- **Records for the exercise**
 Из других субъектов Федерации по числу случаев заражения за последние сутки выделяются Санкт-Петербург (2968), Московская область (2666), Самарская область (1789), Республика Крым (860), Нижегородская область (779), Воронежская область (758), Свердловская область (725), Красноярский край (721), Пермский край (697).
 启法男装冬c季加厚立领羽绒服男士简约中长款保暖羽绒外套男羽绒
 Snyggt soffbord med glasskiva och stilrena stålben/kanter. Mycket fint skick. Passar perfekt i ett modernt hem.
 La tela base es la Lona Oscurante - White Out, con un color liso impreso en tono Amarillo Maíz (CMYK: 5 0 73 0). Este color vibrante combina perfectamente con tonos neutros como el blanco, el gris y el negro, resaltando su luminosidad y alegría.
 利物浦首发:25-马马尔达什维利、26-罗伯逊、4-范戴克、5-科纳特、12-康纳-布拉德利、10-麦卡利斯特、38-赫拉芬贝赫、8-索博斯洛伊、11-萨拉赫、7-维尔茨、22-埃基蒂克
--
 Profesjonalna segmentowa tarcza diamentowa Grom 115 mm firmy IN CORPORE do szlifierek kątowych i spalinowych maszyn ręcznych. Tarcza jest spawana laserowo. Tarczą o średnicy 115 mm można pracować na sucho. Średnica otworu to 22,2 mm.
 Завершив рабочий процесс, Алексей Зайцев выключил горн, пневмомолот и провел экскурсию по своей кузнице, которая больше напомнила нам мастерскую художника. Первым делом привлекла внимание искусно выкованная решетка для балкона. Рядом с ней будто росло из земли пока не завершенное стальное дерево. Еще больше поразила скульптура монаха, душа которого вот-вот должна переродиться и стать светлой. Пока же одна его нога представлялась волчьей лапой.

- **Instructions for the task**
What you return must be an exact retyping of the lines above starting at the line with "Из других субъектов" and ending at the line with "利物浦首发:25-马马尔达什", and nothing besides.

- **Written answer**
 Из других субъектов Федерации по числу случаев заражения за последние сутки выделяются Санкт-Петербург (2968), Московская область (2666), Самарская область (1789), Республика Крым (860), Нижегородская область (779), Воронежская область (758), Свердловская область (725), Красноярский край (721), Пермский край (697).
 启法男装冬c季加厚立领羽绒服男士简约中长款保暖羽绒外套男羽绒
 Snyggt soffbord med glasskiva och stilrena stålben/kanter. Mycket fint skick. Passar perfekt i ett modernt hem.
 La tela base es la Lona Oscurante - White Out, con un color liso impreso en tono Amarillo Maíz (CMYK: 5 0 73 0). Este color vibrante combina perfectamente con tonos neutros como el blanco, el gris y el negro, resaltando su luminosidad y alegría.
 利物浦首发:25-马马尔达什维利、26-罗伯逊、4-范戴克、5-科纳特、12-康纳-布拉德利、10-麦卡利斯特、38-赫拉芬贝赫、8-索博斯洛伊、11-萨拉赫、7-维尔茨、22-埃基蒂克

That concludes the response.